Leave the pictures out. Return all other data exactly.

[Opening Dataset extract section]

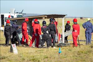 Die Rooimiere en SAPD is al van 04:00 af teenwoordig in Lourierpark, Bloemfontein. Foto verskaf
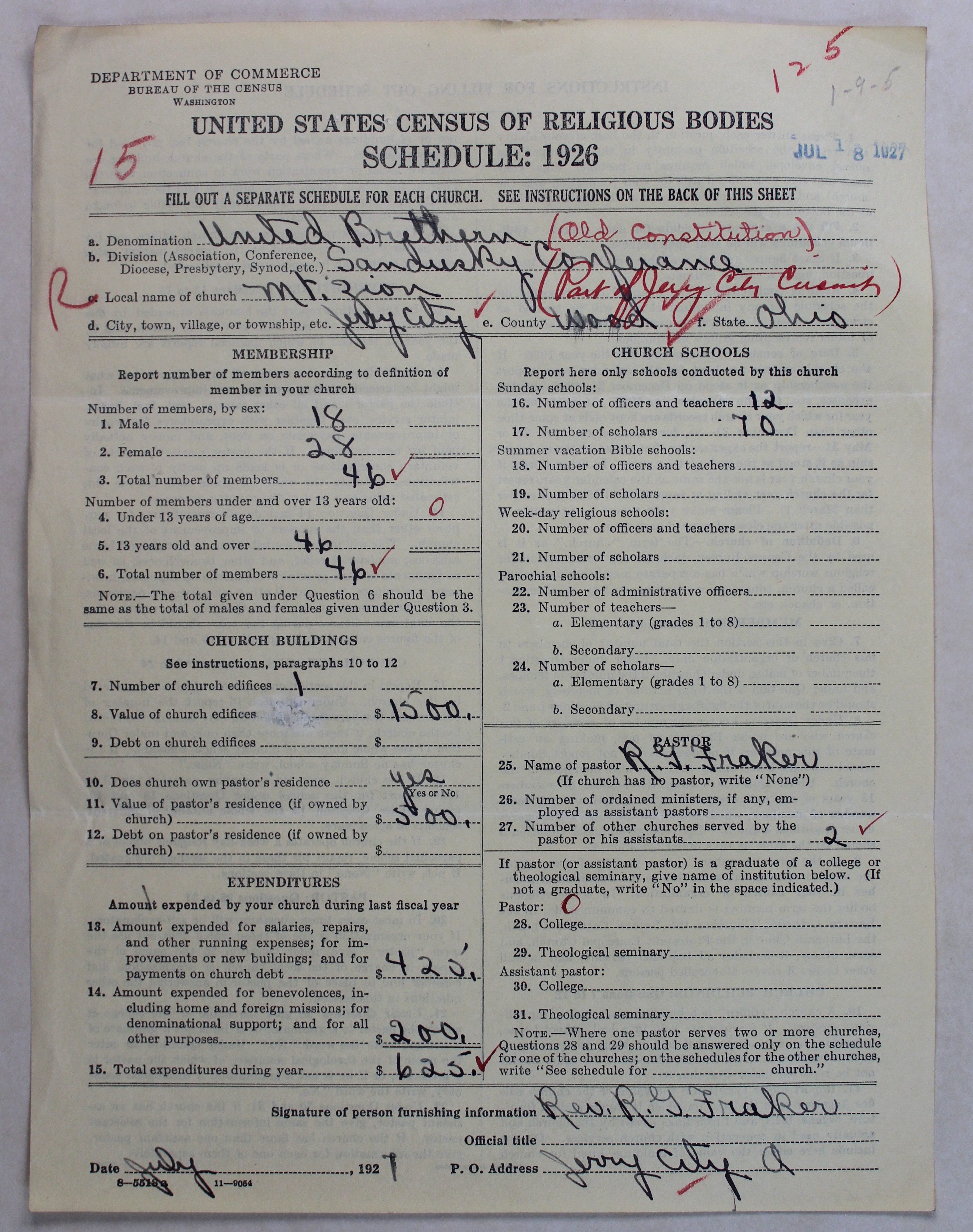- Church of the United Brethren in Christ (Old Constitution): 125
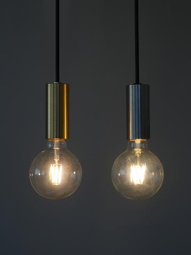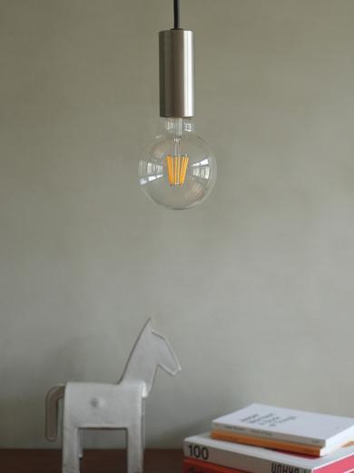 重厚な存在感の裸電球ペンダントライトです。シェードは使わずに電球を直接取り付けて使うので、電球のデザインが際立ちます。

[Closing Dataset extract section]

#### [Reply to the exercise]
 Die Rooimiere en SAPD is al van 04:00 af teenwoordig in Lourierpark, Bloemfontein. Foto verskaf
- Church of the United Brethren in Christ (Old Constitution): 125
 重厚な存在感の裸電球ペンダントライトです。シェードは使わずに電球を直接取り付けて使うので、電球のデザインが際立ちます。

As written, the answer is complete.